[[ MATERIAL SHOWN open ]]

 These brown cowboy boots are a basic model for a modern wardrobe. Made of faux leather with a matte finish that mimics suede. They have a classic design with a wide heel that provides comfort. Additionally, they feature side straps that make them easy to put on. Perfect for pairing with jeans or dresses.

[[ MATERIAL SHOWN closed ]]
[[ MATERIAL SHOWN open ]]

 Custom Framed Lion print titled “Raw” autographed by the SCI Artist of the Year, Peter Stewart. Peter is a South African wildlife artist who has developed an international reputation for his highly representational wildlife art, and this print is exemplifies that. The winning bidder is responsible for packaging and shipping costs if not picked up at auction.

[[ MATERIAL SHOWN closed ]]
[[ MATERIAL SHOWN open ]]

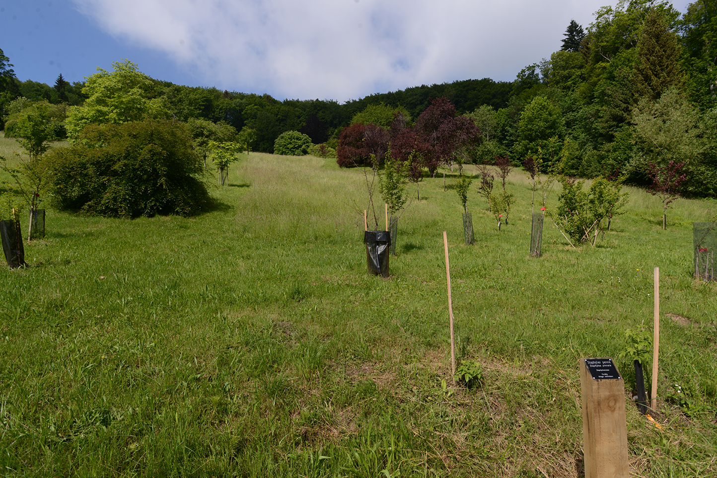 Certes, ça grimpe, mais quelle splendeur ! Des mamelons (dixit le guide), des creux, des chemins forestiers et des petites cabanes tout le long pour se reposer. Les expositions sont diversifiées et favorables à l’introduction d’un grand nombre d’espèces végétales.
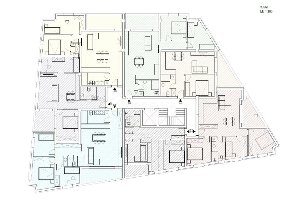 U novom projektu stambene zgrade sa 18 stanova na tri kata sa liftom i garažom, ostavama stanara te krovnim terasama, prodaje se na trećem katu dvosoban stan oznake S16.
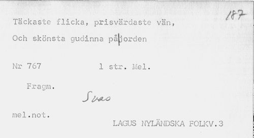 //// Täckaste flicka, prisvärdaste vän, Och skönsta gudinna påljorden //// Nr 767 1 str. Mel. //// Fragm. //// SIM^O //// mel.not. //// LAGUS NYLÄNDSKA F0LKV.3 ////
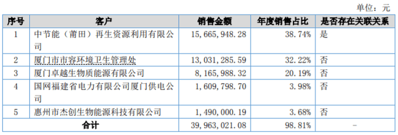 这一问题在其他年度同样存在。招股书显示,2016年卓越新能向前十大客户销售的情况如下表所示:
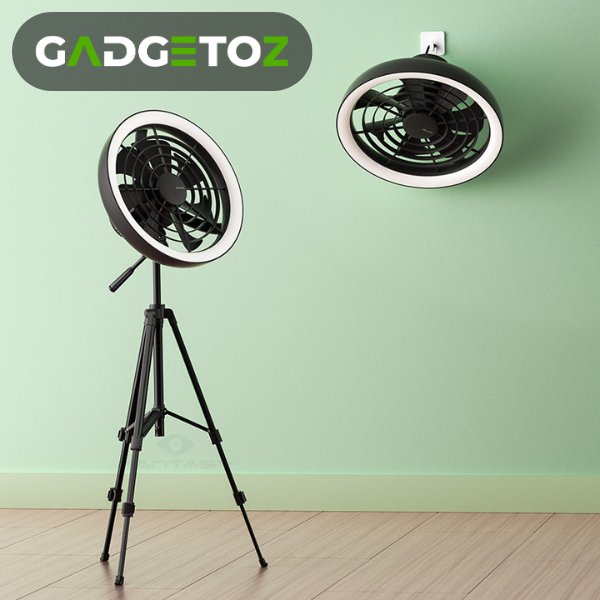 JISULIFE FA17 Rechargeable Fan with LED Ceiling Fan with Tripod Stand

[[ MATERIAL SHOWN closed ]]

WORK INSTRUCTION — Each line above that falls between the line with "Certes, ça grimpe, mais" and the line with "JISULIFE FA17 Rechargeable" should be printed exactly, together with those two lines, but the pictures should not.

RESPONSE TO THE TASK —
 Certes, ça grimpe, mais quelle splendeur ! Des mamelons (dixit le guide), des creux, des chemins forestiers et des petites cabanes tout le long pour se reposer. Les expositions sont diversifiées et favorables à l’introduction d’un grand nombre d’espèces végétales.
 U novom projektu stambene zgrade sa 18 stanova na tri kata sa liftom i garažom, ostavama stanara te krovnim terasama, prodaje se na trećem katu dvosoban stan oznake S16.
 //// Täckaste flicka, prisvärdaste vän, Och skönsta gudinna påljorden //// Nr 767 1 str. Mel. //// Fragm. //// SIM^O //// mel.not. //// LAGUS NYLÄNDSKA F0LKV.3 ////
 这一问题在其他年度同样存在。招股书显示,2016年卓越新能向前十大客户销售的情况如下表所示:
 JISULIFE FA17 Rechargeable Fan with LED Ceiling Fan with Tripod Stand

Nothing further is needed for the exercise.